The hip labrum is very important for proper hip function. As the leg moves, it must rotate within the pelvic joint, and the femur bone must be able to glide past the pelvic bone. If the labrum is injured, the hip can not move smoothly, and this often produces an instability, with pain and a clicking or locking sensation. The clicking and locking occur when the labrum, which is normally a very smooth surface, is worn down from repeated use or torn from a sudden motion. Athletes such as runners, tennis players, and soccer players, who often use repeated motion during exercise, are a higher risk for overuse or sudden injuries to the labrum.
A tear of the hip labrum is usually diagnosed by an orthopedist. The doctor can test the movement of a patient's hip to check for irregularities.

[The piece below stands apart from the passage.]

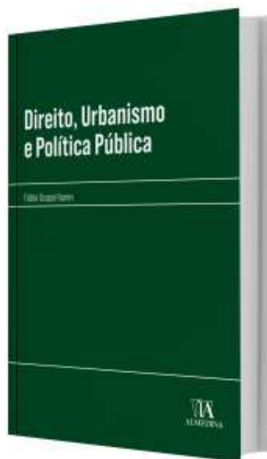
Divulgação: Editora Almedina

A obra pode ser adquirida diretamente no site da Editora Almedina , ou ainda pela Amazon estando disponível nas versões física e virtual (Kindle).

If a labral tear is suspected, it is likely the doctor will request magnetic resonance imaging (MRI) scans to get clear images and information about the location and size of the tear.
Treatment for labral tears include rest from athletic activities, physical therapy to increase flexibility, and the use of anti-inflammatory medications to decrease inflammation around the hip labrum and the hip joint. Patients who continue to experience pain or decreased range of motion in the hip may be referred for arthroscopic surgery of the hip. This surgery is typically performed through two small incisions on the outside of the hip. A orthopedic surgeon uses special instruments to clean and repair the injured area of the hip labrum.
Recovery from arthroscopic hip surgery can take up to six weeks, and often includes physical therapy. A successful surgery can repair tears or worn areas on the labrum, leaving the surface smooth. Upon recovery, a patient usually regains full range of motion in the hip, and the hip labrum normally remains intact. Although there are some indications that labral tears may later lead to arthritis of the hip, there is no definite evidence, and experts agree further research about the long-term effects of labral tears is warranted.